>>

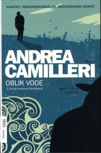 Oblik vode prvi je Camillerijev roman o diljem svijeta popularnom policijskom komesaru Salvu Montalbanu. Od 1994. godine, kada ga je objavila izdavačka kuća Sellerio iz Palerma, pa do danas roman je u Italiji doživio niz izdanja, a preveden je na više od dvadeset jezika, prvi put u Francuskoj 1998., gdje je godinu dana poslije nagrađen nagradom Prix Mystère de la Critique za najbolji strani roman. U ozloglašenoj zoni na periferiji malog sicilijanskog primorskog mjesta smetlari Pino Catalano i Saro Montaperto pronalaze truplo ugledna inženjera i političara Silvija Luparella. Istodobno, u blizini, jedan od njih pronalazi izgubljenu skupocjenu ogrlicu... U istragu se uključuje policijski komesar Salvo Montalbano, pa time počinje uzbudljiv zaplet koji vrtložno usisava mnoge osobe iz svih društvenih slojeva. Cunami bijede, prostitucije, zločina, korupcije, prikrivanja, ucjene, ljubavi, ljubomore i očaja razara sve pred sobom, ali nailazi i na svojevrsnu, kakvu-takvu, branu u liku nekonvencionalnog policijskog komesara, branu pred kojom se paragrafi moraju ukloniti elementarnoj ljudskosti. Voda poprima oblik posude u koju se ulijeva, izvrsna je metafora za sve što i kako činimo! Ono što mi se čini bitnim jest Montalbanova neovisnost, njegov subjektivni naboj koji možemo nazvati latinskim ili mediteranskim... On često instinktivno i spremno reagira uplećući se u slučajeve visoke emotivne uznemirenosti. Društvena osuda implicitna je u Camilleriju. On svojeg policajca čini pravednim čovjekom, toliko, dakako, koliko mu to zakon dopušta. Montalbano je pozitivan lik. spreman pobuniti se i podnijeti prezir. Manuel Vázquez Montalbán
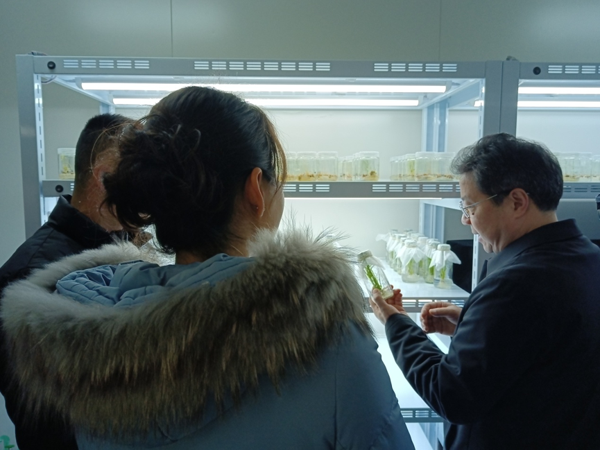 院长冯鹏首先查看了无菌操作间、组培室和人工气候室,听取了水稻团队和生物技术团队负责同志的详细介绍,并与科技人员亲切交谈,针对目前科研工作提出以下几点建议:一是要明确单倍体方法作为一种加速育种手段,必须与其他育种方法有机结合起来,进一步加大中间育种材料的创制;二是要育成好的品种,必须从源头入手,充分挖掘好的种质资源,主动应用智慧农业手段,建立种质资源电子档案;三是要转变思想,充分认识到方法创新、第三方技术评价也是一种科研成果,不要只局限于选育品种;四是要多走出去交流,了解同行处于何种水平,拟定清晰目标,谋划全年亮点。
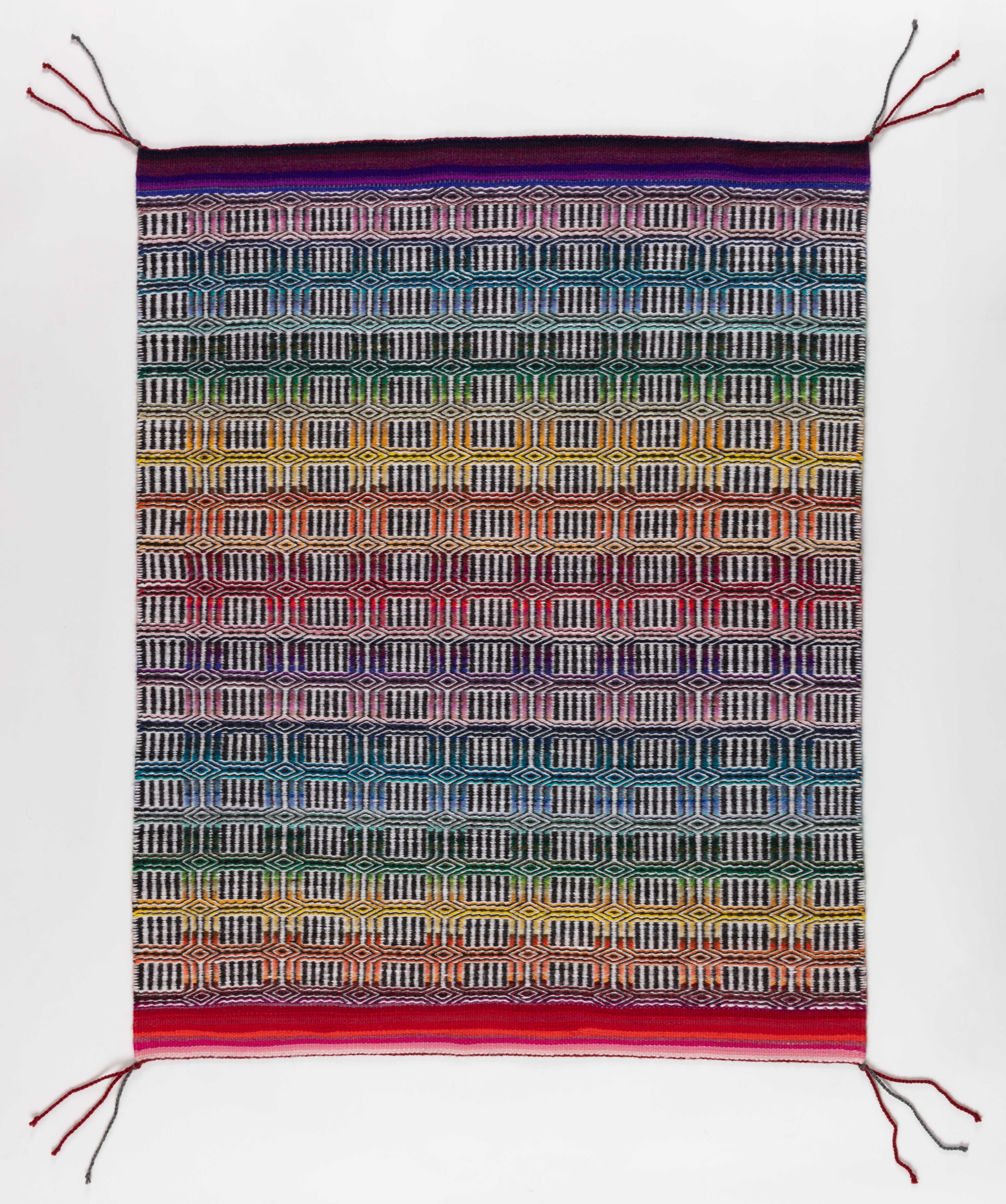 Venancio Aragón (Diné), Rain and Rainbows 2, 2022. Natural dyes (indigo, madder root, turmeric, Navajo tea, dock root, onion skins, cochineal, and rabbit brush), synthetic compounds, commercially-spun Mohair/Merino, 100% wool, 44 × 34 in. Forge Project Collection, traditional lands of the Moh-He-Con-Nuck.

<<

An exact copy of the listing is required, excluding any pictures.

* **RESULT OF THIS TASK**
 Oblik vode prvi je Camillerijev roman o diljem svijeta popularnom policijskom komesaru Salvu Montalbanu. Od 1994. godine, kada ga je objavila izdavačka kuća Sellerio iz Palerma, pa do danas roman je u Italiji doživio niz izdanja, a preveden je na više od dvadeset jezika, prvi put u Francuskoj 1998., gdje je godinu dana poslije nagrađen nagradom Prix Mystère de la Critique za najbolji strani roman. U ozloglašenoj zoni na periferiji malog sicilijanskog primorskog mjesta smetlari Pino Catalano i Saro Montaperto pronalaze truplo ugledna inženjera i političara Silvija Luparella. Istodobno, u blizini, jedan od njih pronalazi izgubljenu skupocjenu ogrlicu... U istragu se uključuje policijski komesar Salvo Montalbano, pa time počinje uzbudljiv zaplet koji vrtložno usisava mnoge osobe iz svih društvenih slojeva. Cunami bijede, prostitucije, zločina, korupcije, prikrivanja, ucjene, ljubavi, ljubomore i očaja razara sve pred sobom, ali nailazi i na svojevrsnu, kakvu-takvu, branu u liku nekonvencionalnog policijskog komesara, branu pred kojom se paragrafi moraju ukloniti elementarnoj ljudskosti. Voda poprima oblik posude u koju se ulijeva, izvrsna je metafora za sve što i kako činimo! Ono što mi se čini bitnim jest Montalbanova neovisnost, njegov subjektivni naboj koji možemo nazvati latinskim ili mediteranskim... On često instinktivno i spremno reagira uplećući se u slučajeve visoke emotivne uznemirenosti. Društvena osuda implicitna je u Camilleriju. On svojeg policajca čini pravednim čovjekom, toliko, dakako, koliko mu to zakon dopušta. Montalbano je pozitivan lik. spreman pobuniti se i podnijeti prezir. Manuel Vázquez Montalbán
 院长冯鹏首先查看了无菌操作间、组培室和人工气候室,听取了水稻团队和生物技术团队负责同志的详细介绍,并与科技人员亲切交谈,针对目前科研工作提出以下几点建议:一是要明确单倍体方法作为一种加速育种手段,必须与其他育种方法有机结合起来,进一步加大中间育种材料的创制;二是要育成好的品种,必须从源头入手,充分挖掘好的种质资源,主动应用智慧农业手段,建立种质资源电子档案;三是要转变思想,充分认识到方法创新、第三方技术评价也是一种科研成果,不要只局限于选育品种;四是要多走出去交流,了解同行处于何种水平,拟定清晰目标,谋划全年亮点。
 Venancio Aragón (Diné), Rain and Rainbows 2, 2022. Natural dyes (indigo, madder root, turmeric, Navajo tea, dock root, onion skins, cochineal, and rabbit brush), synthetic compounds, commercially-spun Mohair/Merino, 100% wool, 44 × 34 in. Forge Project Collection, traditional lands of the Moh-He-Con-Nuck.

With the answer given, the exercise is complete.